Абдрашитов, почти одногодок Гумера, отличался завидным оптимизмом, балагур и весельчак, был незаменим в любой компании, с Сафаровым находился на короткой ноге и уже в силу этого относился к механику цеха иронически. Может быть, потому Гумер не очень ему доверял и старался в его смену быть в цехе.
Почему Сафаров решил начинать эксперимент во время ее дежурства, Ямиля, честно говоря, не понимала, хотя, зная главного инженера, отнести на счет случайности это никак не могла. Чувствовала — есть тут какой-то подвох, только вот для кого?
Она оглянулась на Абдрашитова, стоящего с инженерами в сторонке, тот широко улыбнулся и двинулся к ней, поняв ее взгляд как приглашение к разговору.
— А ты все красивее и красивее день ото дня, — шепнул он ей на ухо, талантливо склоняя ухоженную голову к ее плечу. — Жаль, никак мы с тобой не состыкуемся: я сплю, ты работаешь, и наоборот. Кошмар какой-то! Так и завянешь во цвете лет без женской ласки.
— Фу, Асхат! — поморщилась Ямиля. — Нельзя без пошлостей, да?
С ним рядом она всегда чувствовала себя свободно и уверенно, не придавая ровно никакого значения его дежурным комплиментам: он со всеми девушками так разговаривал — вроде бы намекая на какие-то особые отношения, но все знали, что был он железно предан и верен своей красавице жене, которую привез из далекого Ташкента. Ямиля видела однажды ее мельком — и в самом деле, не зря люди говорили. Ничего, конечно, в ее отношении к Абдрашитову не изменилось, но тем не менее общаться с ним она стала без прежней настороженности.
— Можно, но зачем? — отвечая на ее колкий вопрос, сказал Абдрашитов. — То, что ты называешь пошлостью — извлек из самой глубины своей души…
— Лучше скажи, зачем ты здесь?
— Я? А кто лучше меня знает эту старушку, которую сегодня решили выдать замуж? — он кивнул на агрегат.
— Ну, положим, я ее не хуже тебя знаю… Не темни, выкладывай — что и зачем?
— Браки совершаются на небесах, дорогая Ямиля! — уклончиво заметил он, и она поняла, что Абдрашитову не хочется говорить об этом.
— А ты уверен, что все обойдется?
— Как тебе сказать… Может — да, а может — и нет. В конце концов наше с тобой дело маленькое. Тут, — он показал глазами на главных специалистов, — считай, весь синклит собрался. Им и решать, и отвечать.
— Но Хабиров…
— Что Хабиров? — перебил ее Абдрашитов. — Псих он ненормальный! Он что, на самом деле считает, что без него не обойдутся? Или никто, лучше его, машины не знает? Он еще на горшке, прости, сидел, когда эти барабаны запустили. Качали концентрат — будь здоров! Поболее, чем сейчас.

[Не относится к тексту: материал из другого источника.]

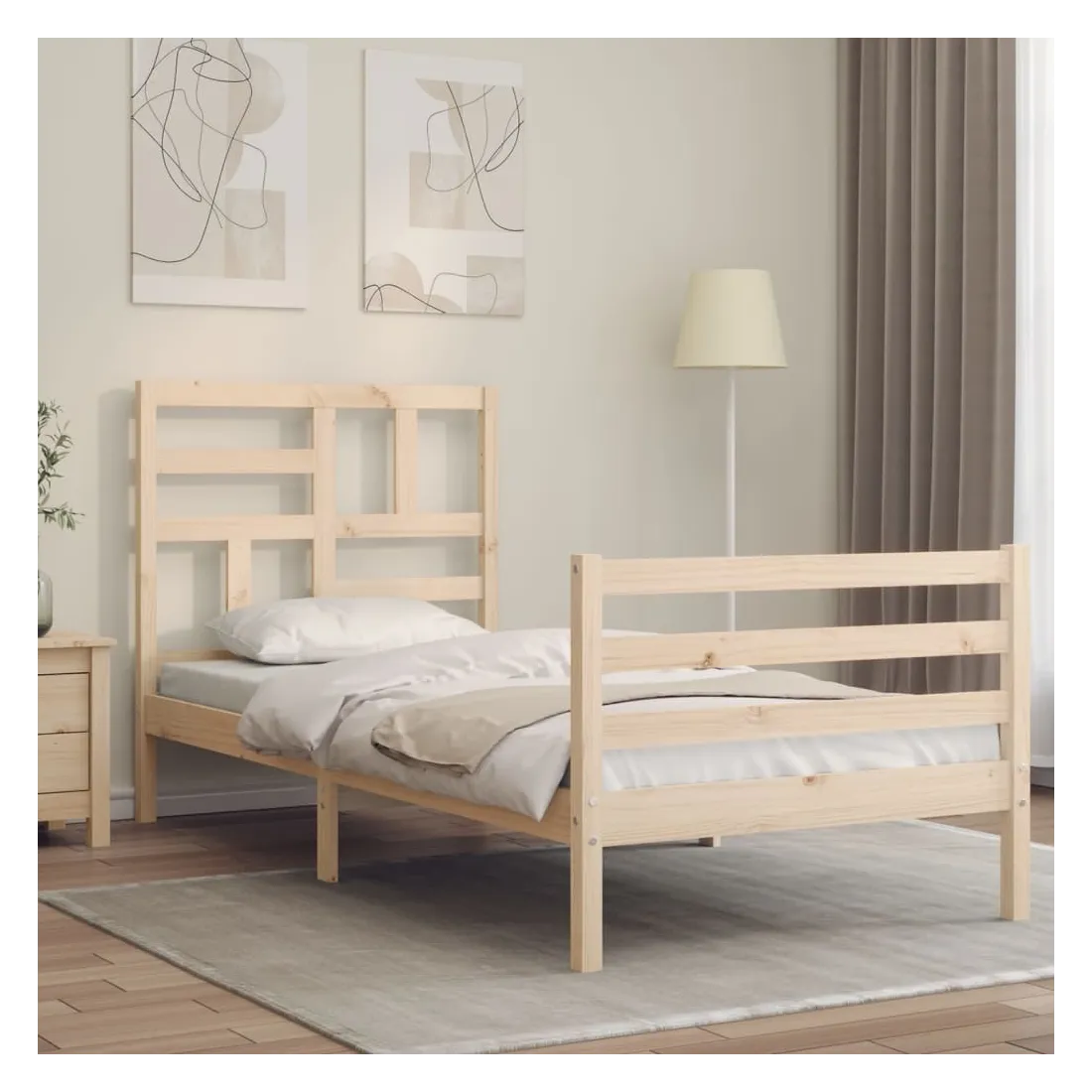 Profitez d'une bonne nuit de sommeil dans ce cadre de lit en bois ! Il sera un supplément pratique et décoratif à votre intérieur. Matériau durable : le bois de pin massif est un matériau naturel magnifique. Le bois de pin a un grain droit et les nœuds donnent au matériau son aspect caractéristique et rustique. Fabriqué en pin massif, ce lit est robuste et durable.Lattes en contreplaqué : les lattes en contreplaqué assurent une bonne répartition du poids, garantissant à votre matelas le soutien et la respirabilité dont il a tant besoin.Tête de lit et pied de lit fonctionnels : la tête et le pied de lit du lit en bois peuvent maintenir votre matelas en place. De plus, la tête de lit vous offre un excellent soutien du dos lorsque vous vous asseyez dans le lit pour lire ou regarder la télévision. Bon à savoir : Un matelas n'est pas inclus avec ce lit. Nous offrons une sélection variée de matelas. Vous pouvez consulter notre boutique pour trouver un matelas assorti.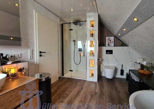 Sämtliche Fußboden-, Wand- und Deckenbeläge wurden in hochwertiger Ausführung erneuert, neue weiße Innentüren sowie eine Milchglastür wurden eingebaut.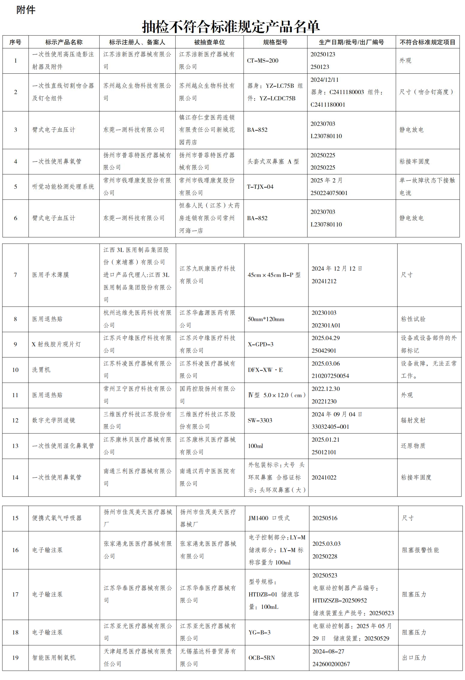 為加強(qiáng)醫(yī)療器械質(zhì)量監(jiān)管,保障產(chǎn)品使用安全有效,依據(jù)年度抽檢工作計(jì)劃,江蘇省藥品監(jiān)督管理局組織對(duì)醫(yī)療器械生產(chǎn)、經(jīng)營、使用單位進(jìn)行了抽檢?,F(xiàn)將抽檢中發(fā)現(xiàn)的19批次不符合規(guī)定醫(yī)療器械產(chǎn)品信息予以通告(詳見附件)。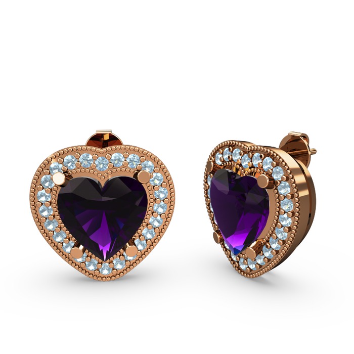 Ametist ve akuamarin 925 ayar rose altın kaplama gümüş küpe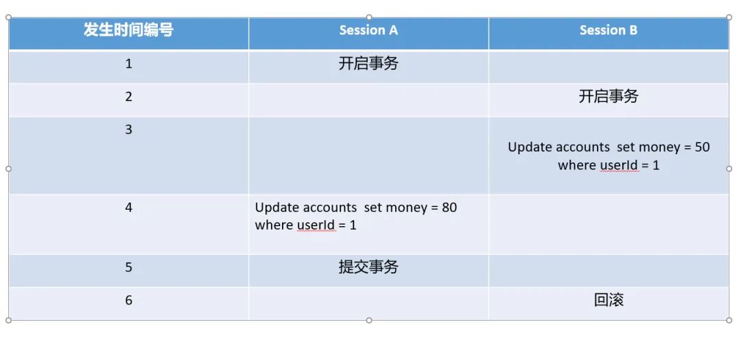 Session A 和 Session B 各开启了一个事务, Session B中的事务先将userId为1改为50,紧接着Session A将userId这行数据改为80,然后提交。Session B在执行过程中遇到了错误或者其他状况执行了回滚,然后将Session A的更新也不复存在了。这种现象我们一般称之为脏写,这是一种十分严重的现象。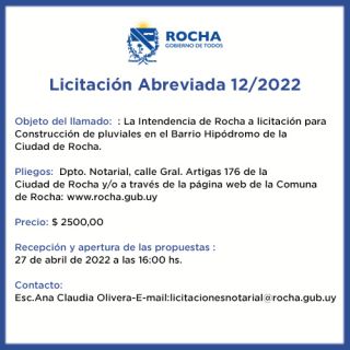 04-04-2022 Licitación Abreviada 12/2022 Objeto del llamado: La Intendencia de Rocha llama a licitación para Construcción de pluviales en el Barrio Hipódromo de la Ciudad de Rocha. Pliegos: Intendencia Departamental de Rocha, Departamento Notarial, calle Gral. Artigas 176 de la Ciudad de y/o a través de la página web de la Comuna de Rocha www.rocha.gub.uy Precio: $ 2500,00 Recepción y apertura de las propuestas : 27 de abril de 2022 a las 16:00 hs. Contacto: Ana Claudia Olivera (...)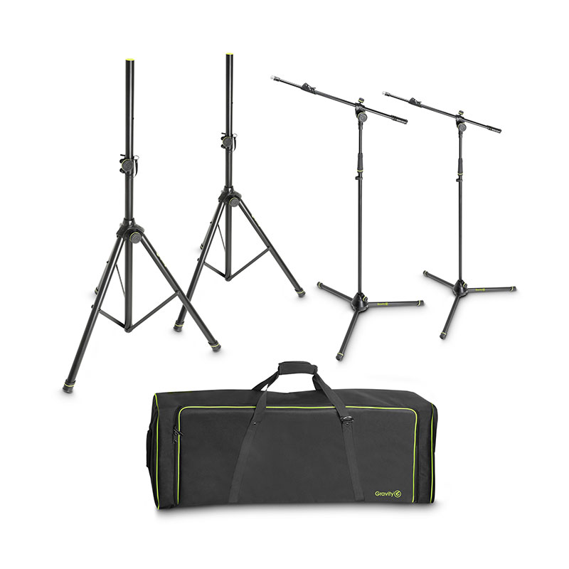 - . This set includes two Gravity GSP5211B tripod speaker stands and two GMS4322B microphone stands. With folding tripod base and 2-Point adjustment telescoping boom in the padded heavy duty GBGSS2MS2B carry bag for convenient transport.

— Может быть, и качали — на новых машинах. А сегодняшние на ладан дышат. Или ты не знаешь? — возразила Ямиля.
— Тьфу! — дурашливо воскликнул Абдрашитов. — Тебе эта песенка хабировская не надоела еще?
— Не надоела, потому что он прав. Нельзя так безоглядно работать. Мы же не одним днем живем. Кого вы хотите обмануть? Себя? Нас? Государство? Телегу собираетесь гнать со скоростью машины. И это инженерное решение? — Ямиля непроизвольно подняла голос, и Сафаров выглянул из-за спины главного технолога.
— Что там за крик? Кому не нравится инженерное решение?
Абдрашитов предостерегающе подмигнул Ямиле, но она, чуть наклонившись вперед, показала себя и громко ответила:
— Мне не нравится.
— Это почему же? — сказал Сафаров, подходя.
— Потому что агрегат нуждается в капитальном ремонте. Мы должны были поставить его на ремонт еще в прошлом месяце, но вы, товарищ Сафаров, не разрешили.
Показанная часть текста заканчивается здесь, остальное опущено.